All Products
Search
Document Center

Elastic High Performance Computing:Deploy a hybrid cloud cluster in master mode

Last Updated:Mar 27, 2024

A master hybrid-cloud cluster is deployed with the Open Grid Scheduler (SGE) scheduler, an existing on-premises cluster, and a new cluster on the cloud. The cluster on the cloud consists of multiple compute nodes and management nodes, and the on-premises cluster consists of compute nodes. This topic describes how to deploy a master hybrid-cloud cluster and manage on-premises compute nodes in the master hybrid-cloud cluster.

Important

In this example, you must use the SGE scheduler. You also must submit a ticket to apply for adding your Alibaba Cloud account to the whitelist before you use the SGE scheduler.

Background information

A large number of life science enterprises have deployed data centers to perform high-performance computing on a large scale. However, the outdated IT infrastructure of data centers cannot keep up with the sharp rise of computing power requirements in life science. In some scenarios, life science enterprises may need to use the resources of data centers and build high-performance computing clusters on the cloud. To meet the requirements of these scenarios, Elastic High Performance Computing (E-HPC) provides a hybrid cloud solution to help manage computing resources across the cloud in a unified and efficient manner. Cloud resources allow the flexible scaling of E-HPC clusters.

Hybrid cloud clusters can be deployed in the following modes:

  • Master mode: Management nodes reside in a new cluster on the cloud.

  • Proxy mode: Management nodes reside in an existing cluster.

    Note

    In proxy mode, an existing cluster resides in a data center or in a different region on the cloud.

Scenario

Assume that the compute nodes of the existing on-premises cluster have the following specifications:

  • Operating system: CentOS 7.6

    Important

    The operating system of on-premises compute nodes must be CentOS 7.

  • Specifications: 2 vCPUs and 4 GiB of memory

Procedure

This topic includes the following operations.

Operation

Description

Step 1: Create an E-HPC cluster on the cloud

Prepare an E-HPC cluster on the cloud and configure the network.

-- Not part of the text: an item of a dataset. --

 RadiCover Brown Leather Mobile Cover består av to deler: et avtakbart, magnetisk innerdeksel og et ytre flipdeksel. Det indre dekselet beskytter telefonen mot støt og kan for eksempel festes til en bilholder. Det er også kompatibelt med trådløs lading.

Step 2: Obtain the configurations of the E-HPC cluster

Obtain the configurations of the E-HPC cluster to configure the on-premises compute nodes.

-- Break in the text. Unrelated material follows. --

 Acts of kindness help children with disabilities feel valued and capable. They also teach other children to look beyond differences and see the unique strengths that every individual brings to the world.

Step 3: Deploy the on-premises compute nodes

Deploy a scheduler client and a user management client on each on-premises compute node, and then mount a file system on each compute node.

Step 4: Add the on-premises compute nodes to the E-HPC cluster

Create a queue in the E-HPC cluster to manage the on-premises compute nodes, and then add the on-premises compute nodes to the queue.

Step 5: Configure auto scaling

Configure the auto scaling settings for the E-HPC cluster to automatically add compute nodes to or remove compute nodes from the cluster.

Step 6: Submit a test job

Submit a test job to the queue to check whether the nodes are running as expected.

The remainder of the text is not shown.